Мясник – толстый, потому что немцы вне Германии становятся не представительными, а просто толстыми, – предлагает всем, кто пожелает, банку пива. И никто не берёт – утро! Ну и кто после этого тут немец? Кто послушен даже в отсутствие милиционера? Американец, многоевропейского происхождения. Я не такая. Если я приду на завтрак и мне нальют пива, я его спокойно выпью. Я обычно пива с утра не пью, я даже его не очень и люблю, как вы знаете, но я выпью – у меня нет табу на алкоголь с утра. В каждой стране всё держится не на законах, а на внутреннем понимании справедливости, которая для всех времён и народов своя. «Пить ли с утра?» – безобидно. Вопросы расизма, прав женщин и всяческих меньшинств – обидно. А всеобщая нелюбовь и недоверие к учёным, которые проявились в последние десятилетия, задевает и тревожит: видишь, что в нашем безопасном, богатом, культурном обществе идут сейсмические подвижки в вопросах «что такое хорошо и что такое плохо».

Поэтому не с утра. Я подхожу к палаткам на базаре и покупаю себе загорелый рогалик и три куска разных сыров, с перцем и без перца.
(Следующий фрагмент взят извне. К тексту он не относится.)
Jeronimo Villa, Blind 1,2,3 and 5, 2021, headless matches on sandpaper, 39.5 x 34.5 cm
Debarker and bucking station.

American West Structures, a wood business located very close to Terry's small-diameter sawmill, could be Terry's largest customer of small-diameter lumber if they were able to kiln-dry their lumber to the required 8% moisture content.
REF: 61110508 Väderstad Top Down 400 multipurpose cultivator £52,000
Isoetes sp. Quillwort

И помидорчики. «Тётя!» – зовет одна торговка другую. Замечательная тётя, всем бы такую тётю: с папироской, с лицом, овеянным ветрами лугов и полей... Тётя-труженица, которая знает, с какого конца подойти к корове. На нюрнбергском рынке есть труженики и «чеченцы».  Я подхожу к чеченцу: «В чём у вас разница между «хорошими сливами» и «очень хорошими сливами»?» «Хорошие сливы – хорошие... А очень хорошие...» Пауза. Чеченец подбирает английские слова: «...очень хорошие». Очень хорошие, и даже не гнилые, но совершенно безвкусные – конец сезона. А где ренклоды? Я уже десять лет не могу купить себе ренклодов.
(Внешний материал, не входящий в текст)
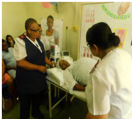
Pregnancy Awareness Event Read more on page 05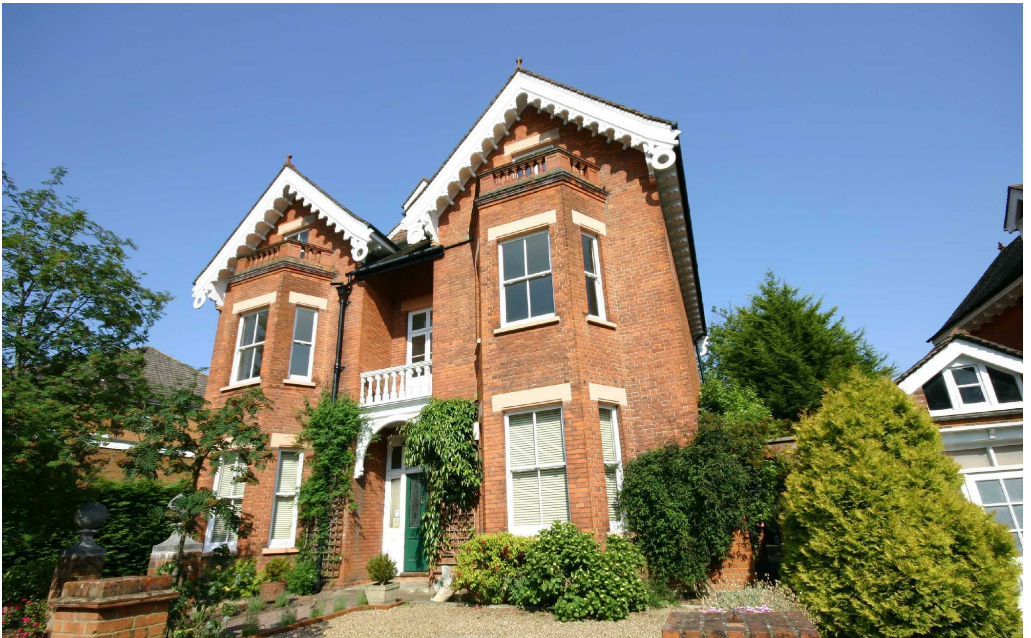
Flat 1 The Red Lodge South Hill Avenue, Harrow On The Hill, Middlesex, HA1 3NZ £2,500 Per Month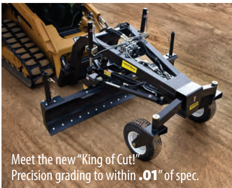
Meet the new "King of Cut!" Precision grading to within .01" of spec.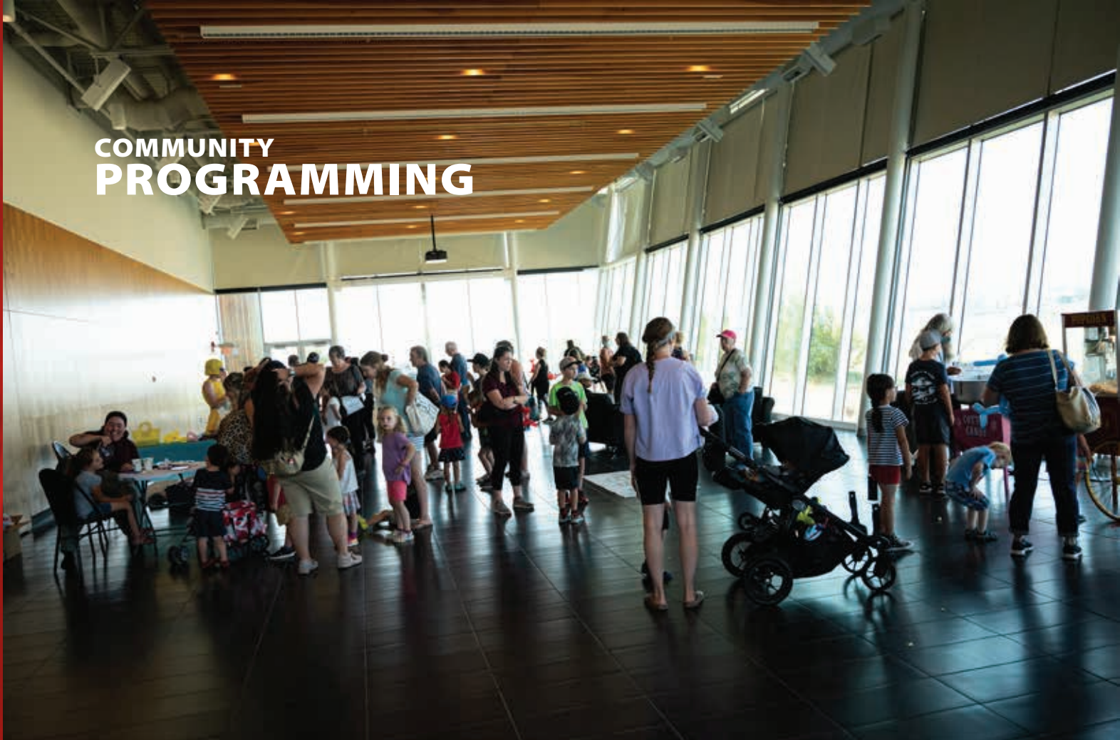
Participants enjoying Carnival activities and games at the Galt Viewing Gallery!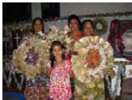
Local Christmas wreath with makers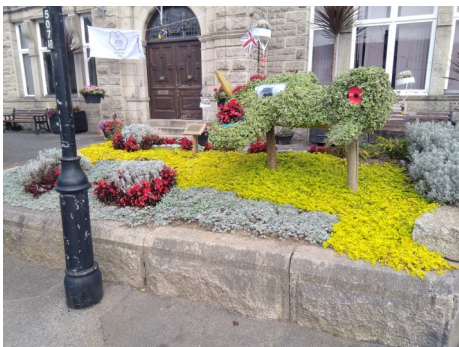
Preece Cup Hayle in Bloom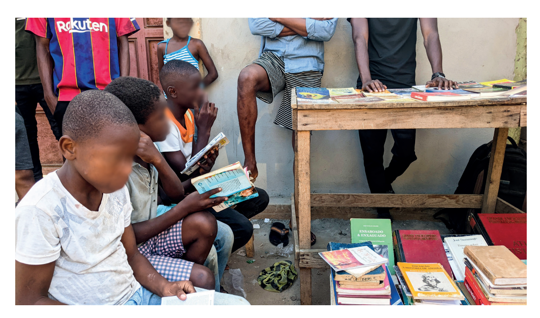
Figure 6: Bungula Street Session, Cacuaco, October 2, 2021.

This picture (Figure 6) was also taken in Cacuaco but during a different session from that held under the bus shelters presented above. This time, the Vosi Yetu Project partnered with Projecto Agir, a local organisation focusing on popular education and political mobilisation outside political parties. Amongst its tools, Projecto Agir has developed an itinerant library. The participation of Projecto Agir could be one of the reasons why the audience on this day was made up mostly of children, many of the members of Projecto Agir being teachers in local schools.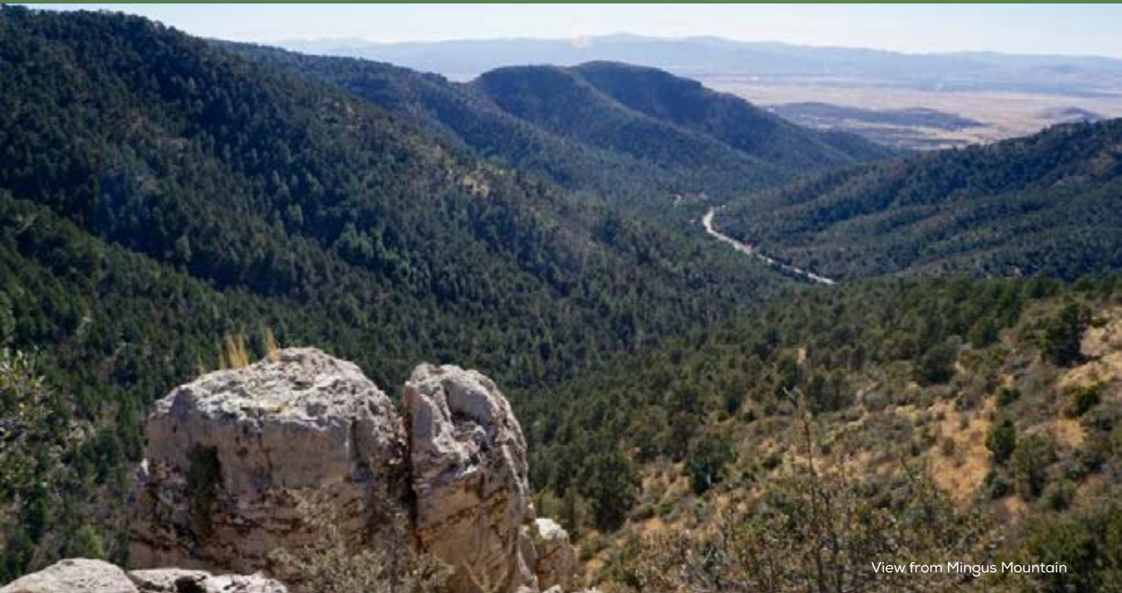
View from Mingus Mountain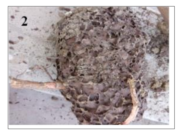
Figure 2 Termites in experiment collected from this wooden log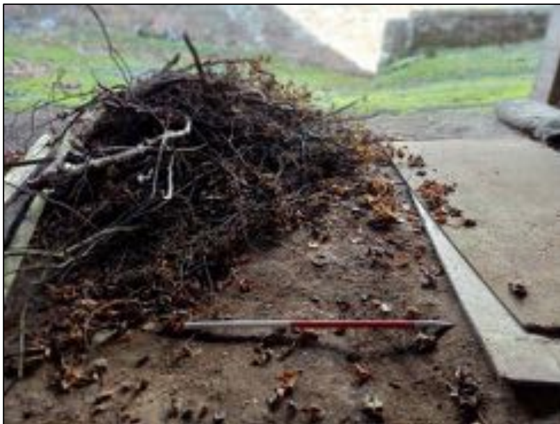
Plate 82: View looking north showing remains of metalwork in the floor of the ancillary building (Scale = 1m)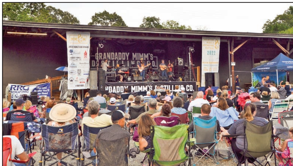
Grandaddy Mimm's Distillery offered a terrific venue for live music over the three days of the Mountain Music & Moonshine Festival.

On top of the free tastings at multiple booths with the See Music & Moonshine, Page 6A

Если задуматься над тем, какую фотографию послать из Нюрнберга, всё окажется не просто. При всём обилии красных крыш трудно найти старый город; он ускользает, уползает и портит каждый ракурс современным домом. Во вторую мировую Нюрнберг был разутюжен ну разве чуть-чуть халтурнее Дрездена. Сказочный город исчез под американскими бомбами. Что осталось от средневекового Нюрнберга? Всё, или ничего. Домики снова собрали по кирпичику, но кирпичики-то наверно перемешались? Только улицы не переименованы, как и раньше, они названы именами ремесленных профессий: Вейссгербергштрассе и Обер-Шмидгассе – красильщики и кузнецы. «Вон туда и за угол», – командует путеводитель. И там, за углом, только в одном месте, над быстрым и чистым Пегницем увидишь беспримесное прошлое: два моста – цепной, Кеттенштег, и крытый, Хенкерштег, – Вайнштадель – винный шклад, шамое большое фахверкное здание Германии, Уншлитхаус, предназначенный для зерна, как и Маутхалле, башню Шлаертюрм, домик палача, презренного, подлого, полезного.
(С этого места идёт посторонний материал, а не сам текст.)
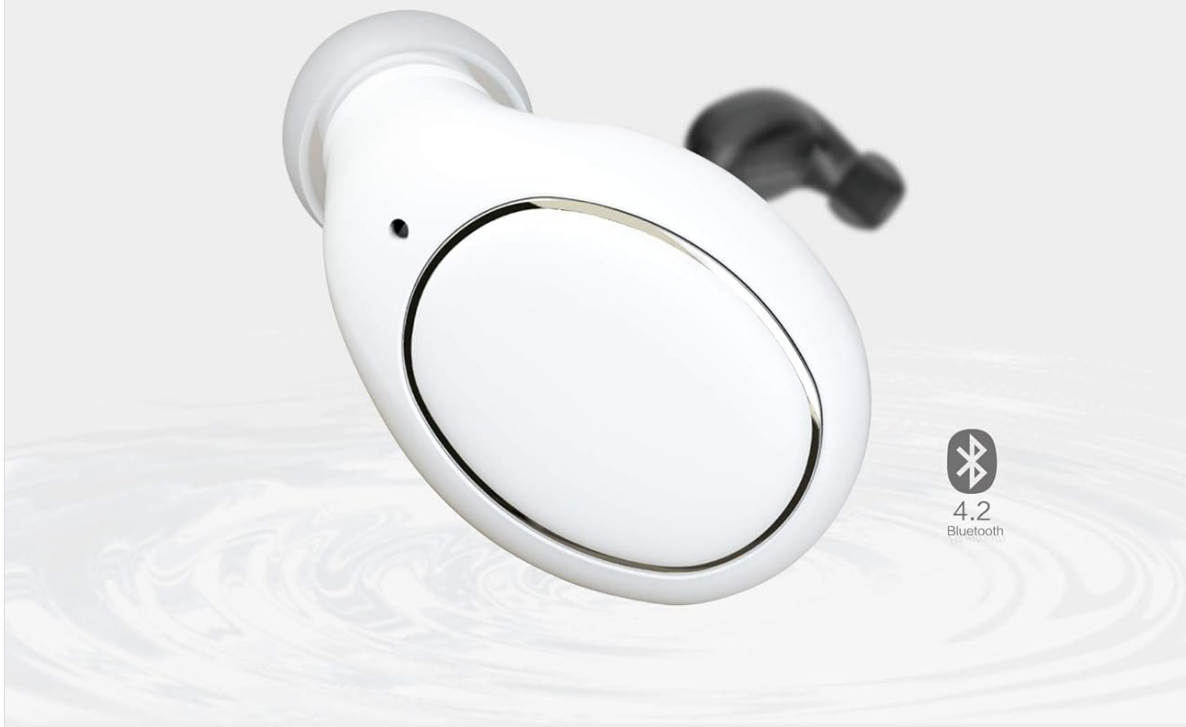
Image: The DUDAO DT-721 Mini Bluetooth Headset, showcasing its compact design and Bluetooth 4.2 technology.

Light and small business tool every chat is a pleasure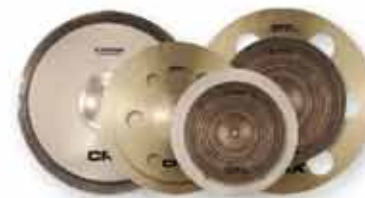
CRX Stack Packs

Designed to provide a great sounding, mid-priced option for today's drummers, CRX Classic , Rock and Xtreme cymbals are based on the same "High Contrast" tonal spectrum as their DRK, MDM and BRT TRX cousins. The lines include a full selection of cymbals created from our proven B20 Bronze formula and handcrafted to the highest standards.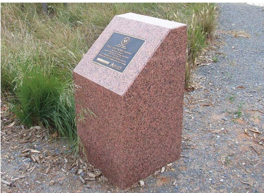
The Livestrong Pathway 'directional sign' which doesn't really give any indication of direction, either from the pathway or from the road. It looks like a substantial monument/plaque. Photo taken by Gunta Groves, 6 November 2011.

Unlike buses, if a tram breaks down, the others find it difficult to go around it. Face it, trams are Rann's way of creating himself a legacy and an apt one at that: They're very visible but next to useless.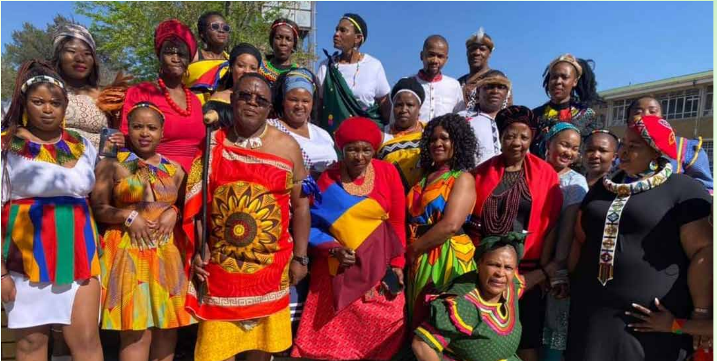
Petrus Maziya Primary School at Highveld Ridge West Circuit Celebrated its Heritage Day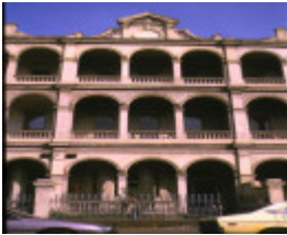
drummond terrace drummond street carlton front elevation sep1990

Но всё мне кажется, что я смотрю костюмированную драму, продъюсер которой не потратился на консультанта, не досмотрел, и мы видим пломбы и электронные часы у героя в допотопном парике. Паранойя, ибо на немногих снимках в фюрере Мумменхоффа подлинные, ещё не разбомблённые дома похожи на вот эти нынешние; не так уж они и красивы, стены их просты и пусты до бедности. Никаких украшений, ни наличников, ни колонн, ни карнизов, гладко, ровно, только сами ряды окон – как декоративные пояски. Теснота ведёт к геометричности. Всюду пригоршни кубов с трапециями и треугольниками наверху, сеткой фахверка на фасаде ... соты. Соты Нюрнберга строили не пчёлы, и не роботы, поэтому встречается множество мелких вариаций.

Хочется здесь пожить, и мысленно вселяешься на верхний этаж, потом, с поправкой на больные колени, на второй, как раз у кованой вывески над булочной, так, что можно будет её украдкой пощупать, высунувшись из окна. Главное, что нужно для себя решить – это цвет гераней, хотя почему-то они здесь всегда одного цвета – огненного. Модно в этом сезоне. Это какие-то особые герани, которые муфтой вываливаются из ящиков.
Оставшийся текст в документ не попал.